Secondly, it is far from clear how effective that duty is under the existing practices. The noble and learned Lord, Lord Ackner, has referred to the issue of the Asylum and Immigration (Treatment of Claimants, etc.) Bill, on which I will touch no further. My noble friends Lady Williams of Crosby and Lord Rodgers of Quarry Bank, who sat in Labour Cabinets in the 1970s, have, I am sorry to say, no recollection of Lord Elwyn-Jonesthe noble and learned Lordhaving raised issues of the rule of law with his colleagues at the time when he was Lord Chancellor. The real pressure often comes more from the judiciary and other outsiders than from the Lord Chancellor, as indeed the Asylum and Immigration (Treatment of Claimants, etc.) Bill shows.

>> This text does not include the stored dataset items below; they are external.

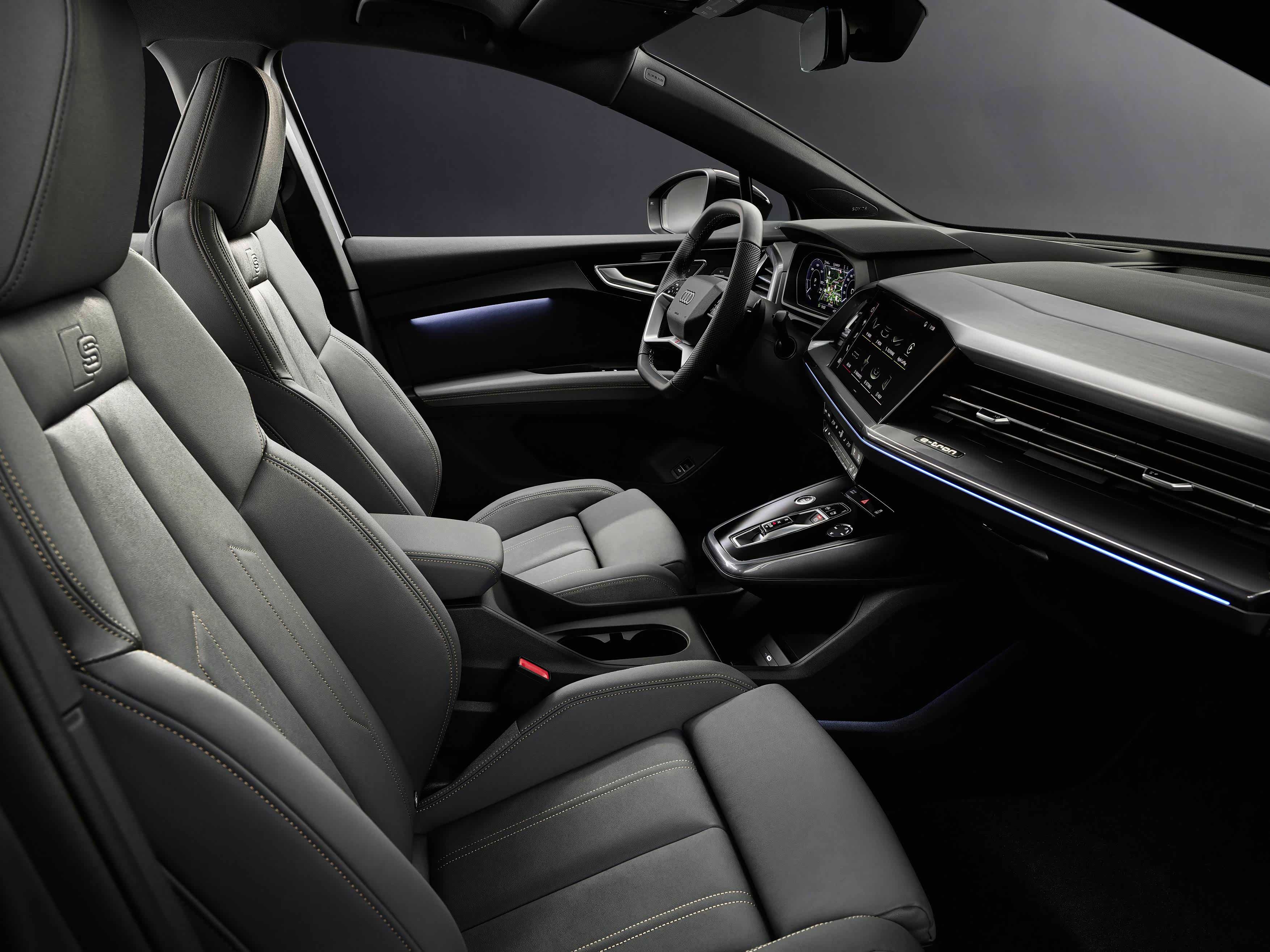 奥迪 Q4 e-tron 是一款真正的全路况车型和家用车型,内饰方面,拥有宽敞的储物空间,包括手套箱在内,容量高达24.8升(0.9立方英尺)。中控内设有两个杯架,一个扶手箱,容量为 4.4 升(0.2 立方英尺),两个 USB Type-C 接口以及一个用于放置移动电话的储物盒盒。在四扇车门的内饰上方,座椅扶手前端的正上方部位,均设有一个瓶架,可以放置容量为 1 升的瓶子,方便易取。
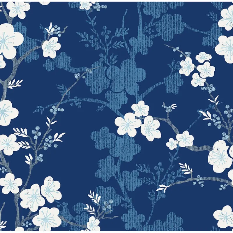 Add modern chinoiserie flair to your walls with this gorgeous floral design! Winding branches dotted with white blossoms are shadowed by blue silhouettes, all set against a rich blue backdrop. Nicolette is an unpasted, acrylic coated wallpaper.
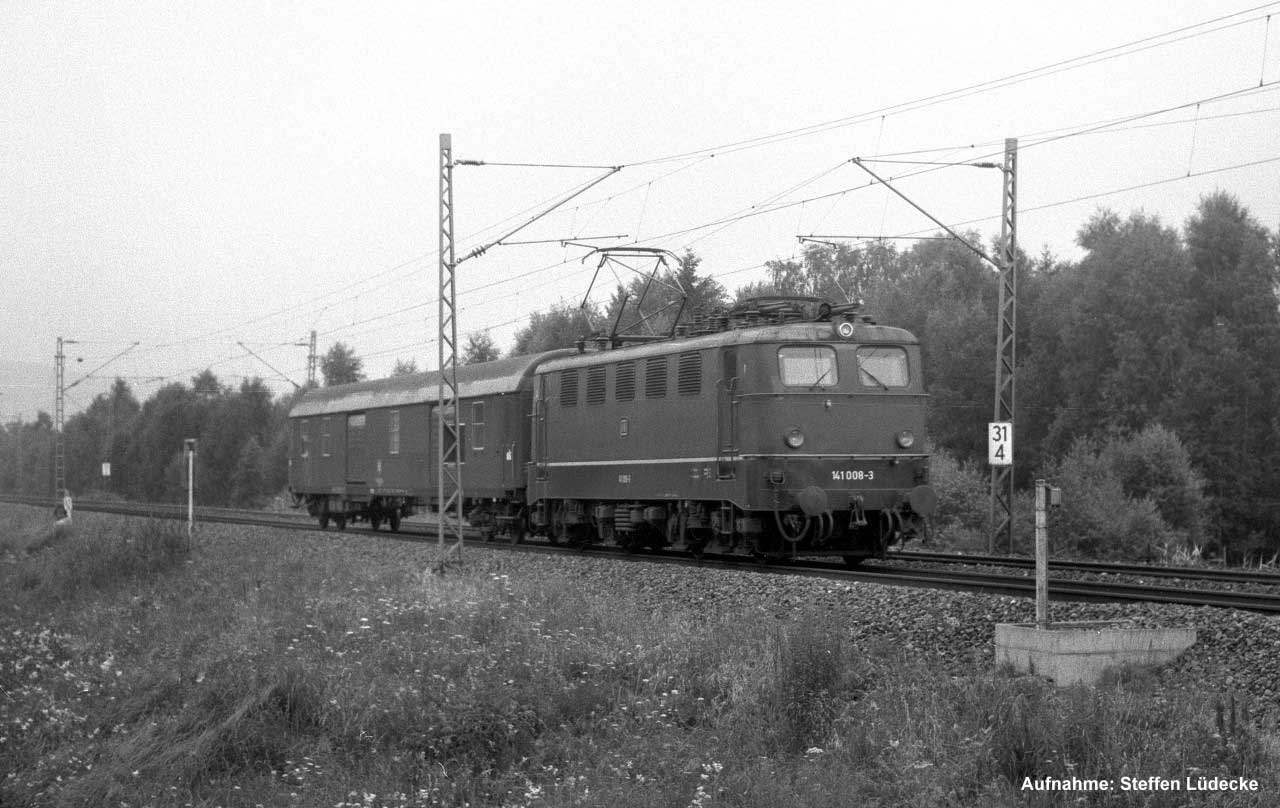 km 80,9 in Freilassing - 194 041 vom Bw Freilassing fährt an ihrem Zuhause vorbei (um 1980)
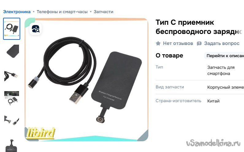 Переходим к практике. Сначала надо к смартфону прикрутить возможность работы с Qi-зарядкой. На Озоне нашлось много нужных устройств по самым разным ценам, я же решил сделать проект максимально универсальным, чтобы в случае, если что-то пойдёт не так, оставить возможность зарядки и по проводу тоже. Другими словами, мне нужен был приёмник (ресивер, так он называется на Озоне) с проходным разъёмом тайп си. То есть вставляем его в гнездо зарядки, и у него снаружи тоже есть гнездо для зарядки. К сожалению, такого нет в природе, но после кропотливых поисков я нашёл-таки проходной ресивер, но с магнитной зарядкой. Выбора большого не было, пришлось купить этот. Кстати, тоже прикольная вещь магнитная зарядка. Не надо тревожить родное гнездо, вставляешь в него пипку с «магниткой», с ней в комплекте обычно провод USB, на другом конце питающий магнитный коннектор. Видимо, магнит неодимовый, очень мощный, вблизи смартфона он сам ищет своего собрата и примагничивается ровно в то положение, чтобы заряжать телефон. После этого проекта я накупил себе таких несколько штук и раскидал по всей квартире, и в машину тоже. После Qi-зарядки, на мой взгляд, это самый крутой способ зарядки. Кроме того, пипка в телефоне защищает зарядное гнездо от пыли и становится сложно его сломать.

Thirdly, requiring the Lord Chancellor to be a Member of your Lordships' House will not ensure that we will get an effective defender of the rule of law and may exclude the person best fitted for the office. The Lord Chancellor is and will continue to be appointed by the Prime Minister. If the Prime Minister wants to find a compliant Lord Chancellor, he will find one inside or outside your Lordships' House.
The noble and learned Lord, Lord Howe, relied on the events of 12 June 2003 as grounds for saying that the Lord Chancellor must remain in your Lordships' House. I am afraid that I draw the opposite conclusion. Those events show that even a powerful and highly respected Lord Chancellor, a Member of your Lordships' House, is vulnerable to being sacked at a moment's notice and that membership of your Lordships' House is no defence.
The protection given by membership of your Lordships' House is an illusion. I hope and indeed expect that the Lord Chancellor in future will frequently be a Member of your Lordships' House. But there will be times when if the Lord Chancellor has to be a Member of your Lordships' House, the Prime Minister may have to appoint someone parachuted in from outside with little or no ministerial or parliamentary experience or appoint a Member of your Lordships' House with a distinguished past who has become an extinct volcano.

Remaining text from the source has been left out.